• **To do**
A faithful copy of the entries is needed, one that leaves out the pictures.
_ _ _
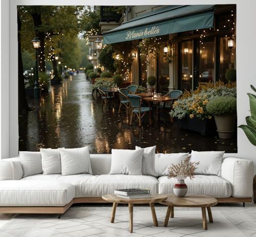 JRISEMECY Tapisserie Murale Cafés De Rue Romantiques Tenture La Grande Paysage Rétro Deco Tenture Murale Poster 3D Effet Vert Foncé Peinture Murales Tissu Estampes Pour Chambre Salon 150X130Cm
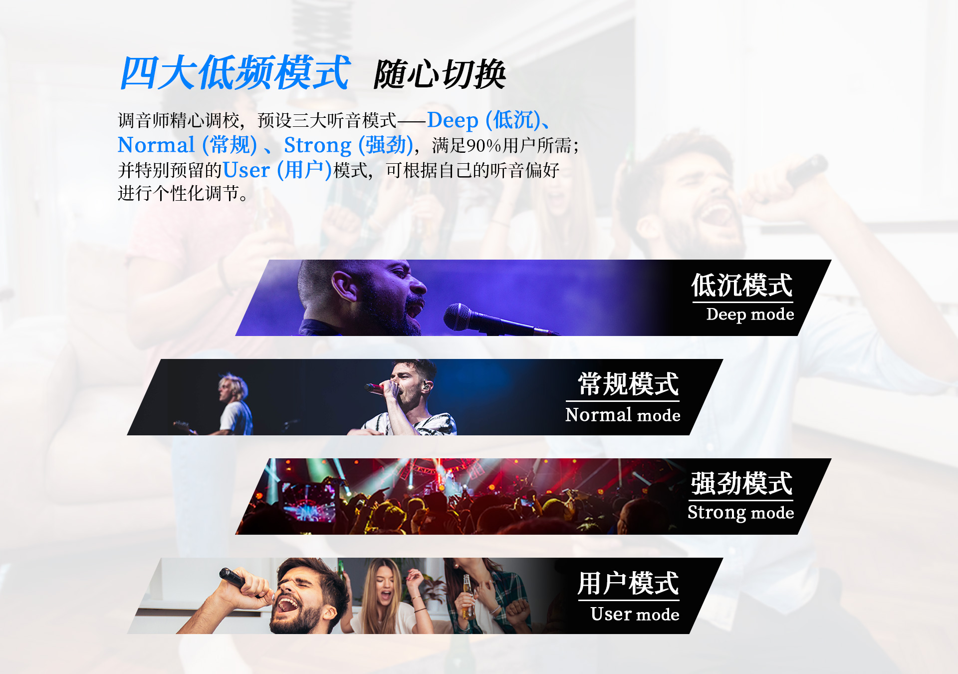 7. 四種低頻模式,根據聽音偏好進行個性化調節
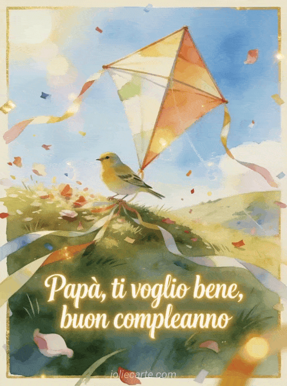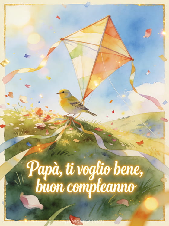 Condividi un messaggio di ti voglio bene buon compleanno papĂ in un prato soleggiato ad acquerello, con un verzellino posato su un grande aquilone festivo e nastri, petali e coriandoli oltre il bordo. Puoi scegliere anche compleanno di papĂ , disegno compleanno papĂ o tua figlia buon compleanno papĂ da tua figlia.
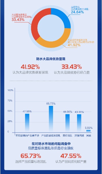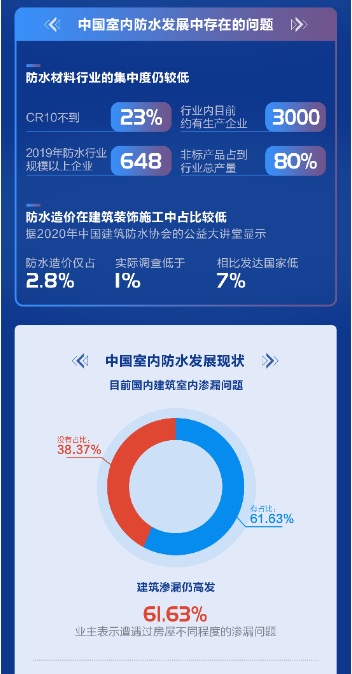 防水白皮書1.0的關鍵詞是“關注”,而2.0版本聚焦的則是蓬勃“發展”中的行業。隨著消費者的防水意識逐漸提升,以及各地存量房翻修、基礎建設發力,防水行業得到了快速發展。但同時,它還仍處于一個規模小、產業集中度低、市場競爭不規范的不成熟階段。這是現狀,也是機遇!
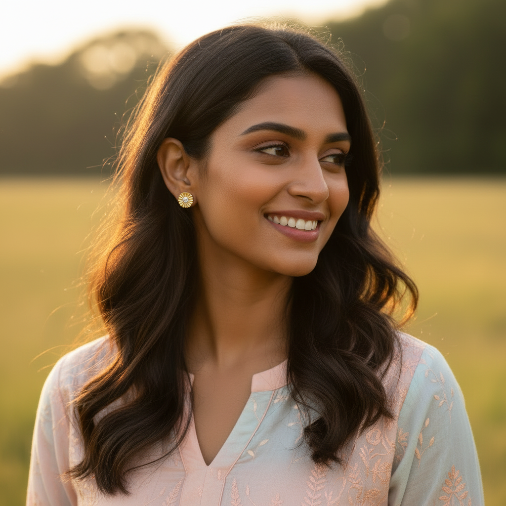 Add a flourish of elegance to your look with the Lustre Bloom Studs, a symbol of understated luxury and sustainable craftsmanship.
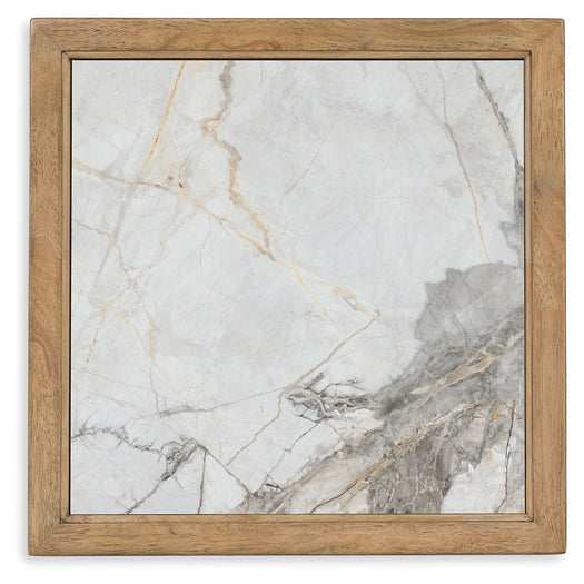 | Details | Made with hardwood solids, mango veneer, sintered stone and metal, Light natural wood-tone finish, Frame with black finish, Sintered stone is a non-porous, man-made material that mimics the look of natural stone, Lower shelf, Assembly required | |
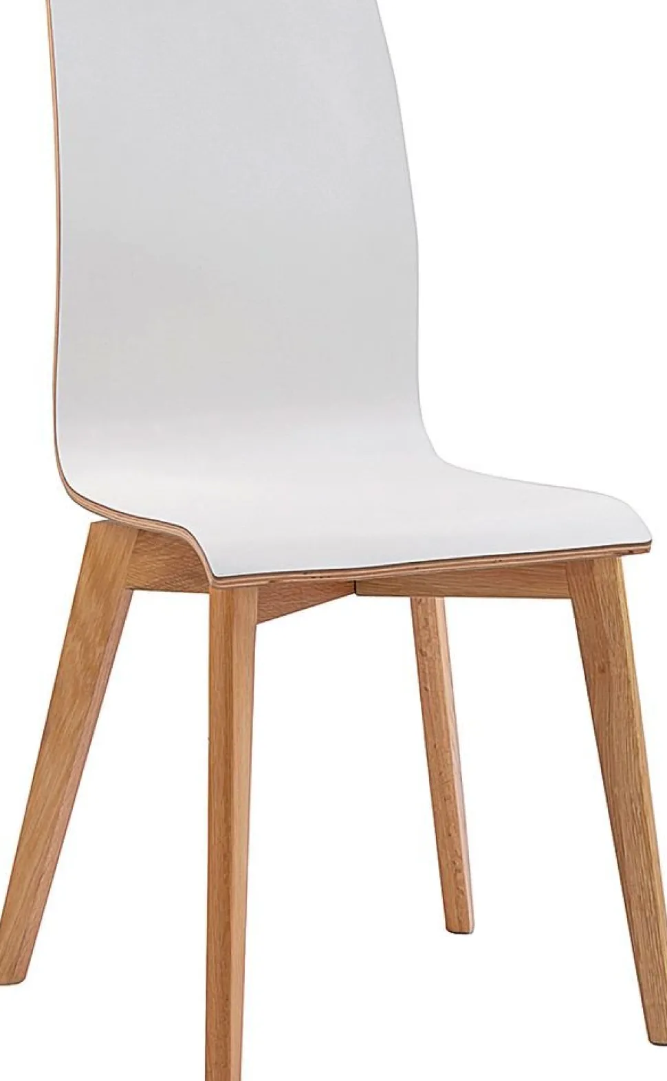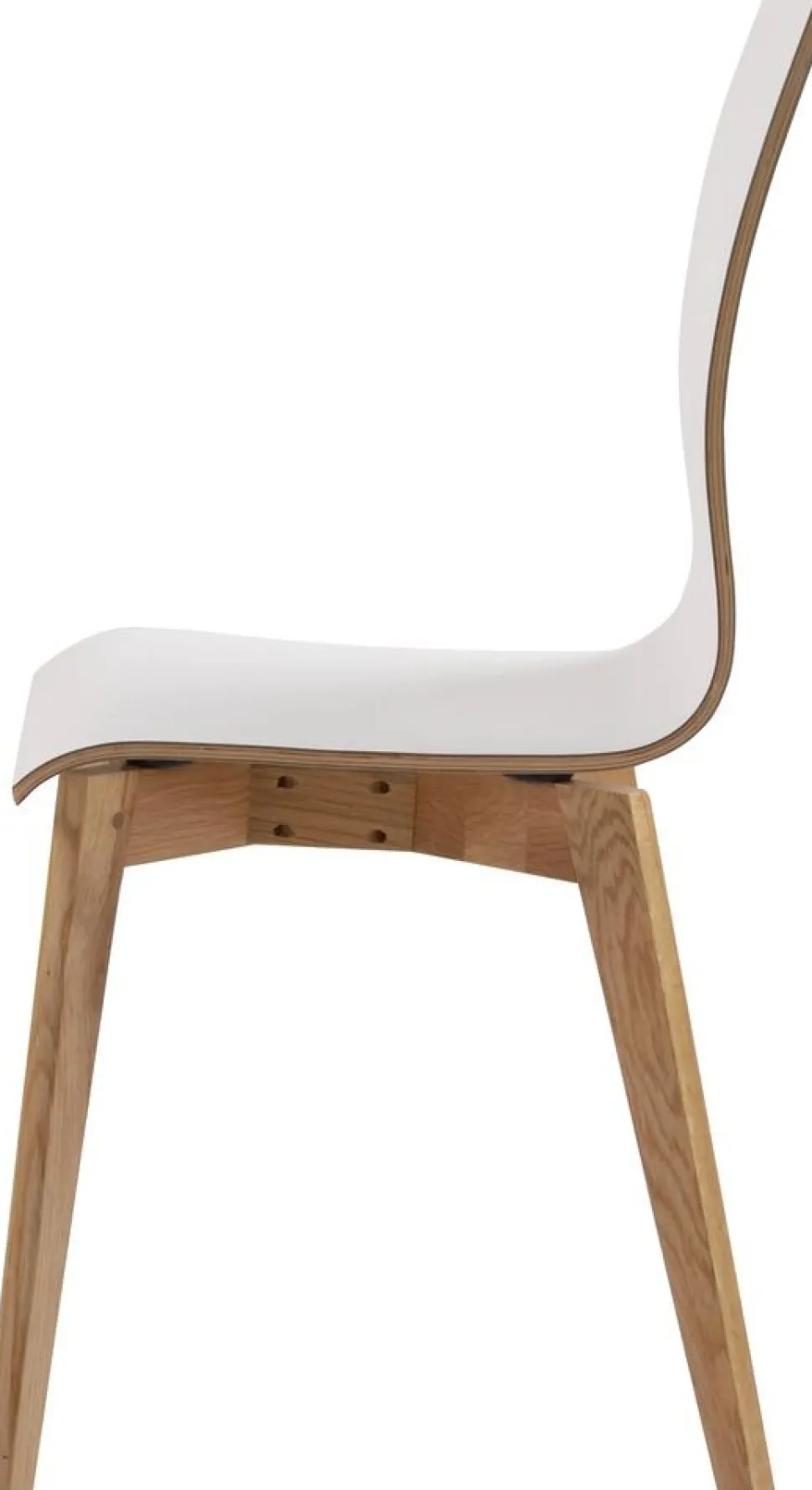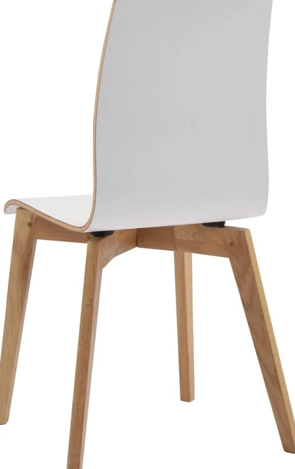 Stol från Skånska Rowico i massiv ek/plywood, svängd träsits. Vitlackerad sits samt rygg i ett stycke, träfärgade ben.
_ _ _
• **Problem solution**
 JRISEMECY Tapisserie Murale Cafés De Rue Romantiques Tenture La Grande Paysage Rétro Deco Tenture Murale Poster 3D Effet Vert Foncé Peinture Murales Tissu Estampes Pour Chambre Salon 150X130Cm
 7. 四種低頻模式,根據聽音偏好進行個性化調節
 Condividi un messaggio di ti voglio bene buon compleanno papĂ in un prato soleggiato ad acquerello, con un verzellino posato su un grande aquilone festivo e nastri, petali e coriandoli oltre il bordo. Puoi scegliere anche compleanno di papĂ , disegno compleanno papĂ o tua figlia buon compleanno papĂ da tua figlia.
 防水白皮書1.0的關鍵詞是“關注”,而2.0版本聚焦的則是蓬勃“發展”中的行業。隨著消費者的防水意識逐漸提升,以及各地存量房翻修、基礎建設發力,防水行業得到了快速發展。但同時,它還仍處于一個規模小、產業集中度低、市場競爭不規范的不成熟階段。這是現狀,也是機遇!
 Add a flourish of elegance to your look with the Lustre Bloom Studs, a symbol of understated luxury and sustainable craftsmanship.
 | Details | Made with hardwood solids, mango veneer, sintered stone and metal, Light natural wood-tone finish, Frame with black finish, Sintered stone is a non-porous, man-made material that mimics the look of natural stone, Lower shelf, Assembly required | |
 Stol från Skånska Rowico i massiv ek/plywood, svängd träsits. Vitlackerad sits samt rygg i ett stycke, träfärgade ben.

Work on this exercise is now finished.